### THE TASK
Which of the lines below holds the string "cheque"? Copy every line that does.

### SUPPLIED ENTRIES
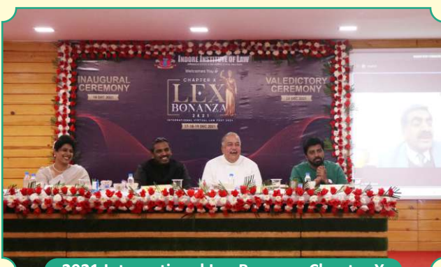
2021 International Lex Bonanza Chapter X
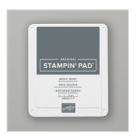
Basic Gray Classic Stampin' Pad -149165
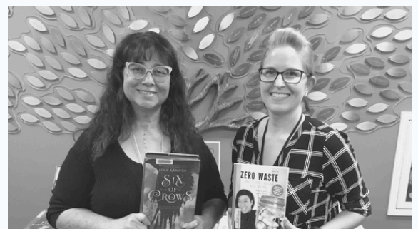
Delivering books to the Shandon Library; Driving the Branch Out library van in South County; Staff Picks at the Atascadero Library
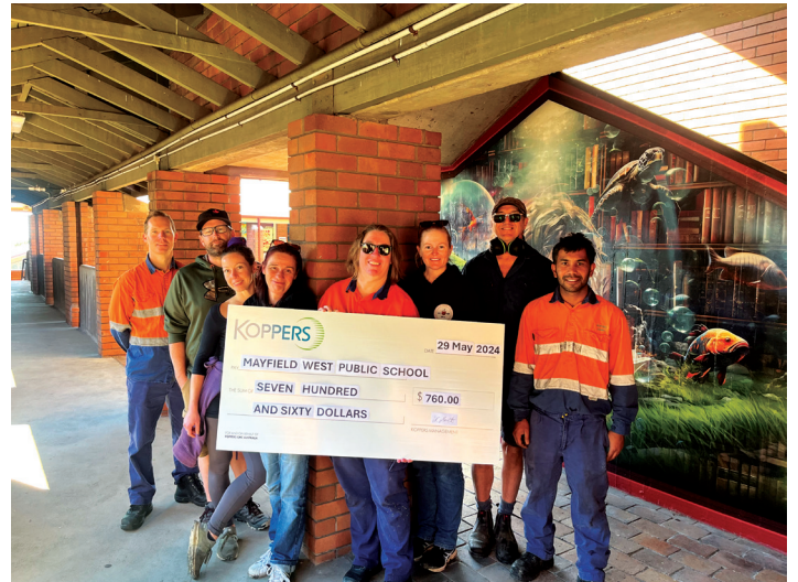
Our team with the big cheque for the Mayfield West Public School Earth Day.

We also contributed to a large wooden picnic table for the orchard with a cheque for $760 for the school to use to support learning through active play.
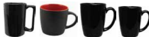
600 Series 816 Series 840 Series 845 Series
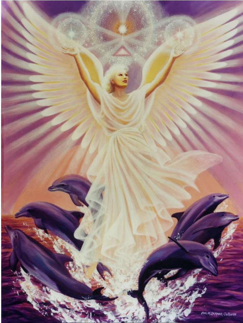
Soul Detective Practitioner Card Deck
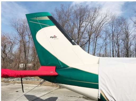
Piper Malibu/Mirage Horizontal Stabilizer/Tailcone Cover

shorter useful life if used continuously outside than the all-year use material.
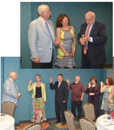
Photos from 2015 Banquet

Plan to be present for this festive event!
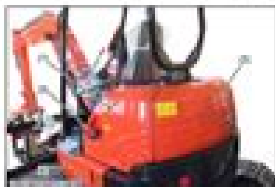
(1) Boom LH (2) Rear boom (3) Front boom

...

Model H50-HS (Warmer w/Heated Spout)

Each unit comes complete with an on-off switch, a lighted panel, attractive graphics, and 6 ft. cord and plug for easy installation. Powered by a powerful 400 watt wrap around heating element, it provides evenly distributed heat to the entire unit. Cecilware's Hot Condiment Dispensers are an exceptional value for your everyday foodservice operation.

### RESULT FOR THIS TASK
Our team with the big cheque for the Mayfield West Public School Earth Day.
We also contributed to a large wooden picnic table for the orchard with a cheque for $760 for the school to use to support learning through active play.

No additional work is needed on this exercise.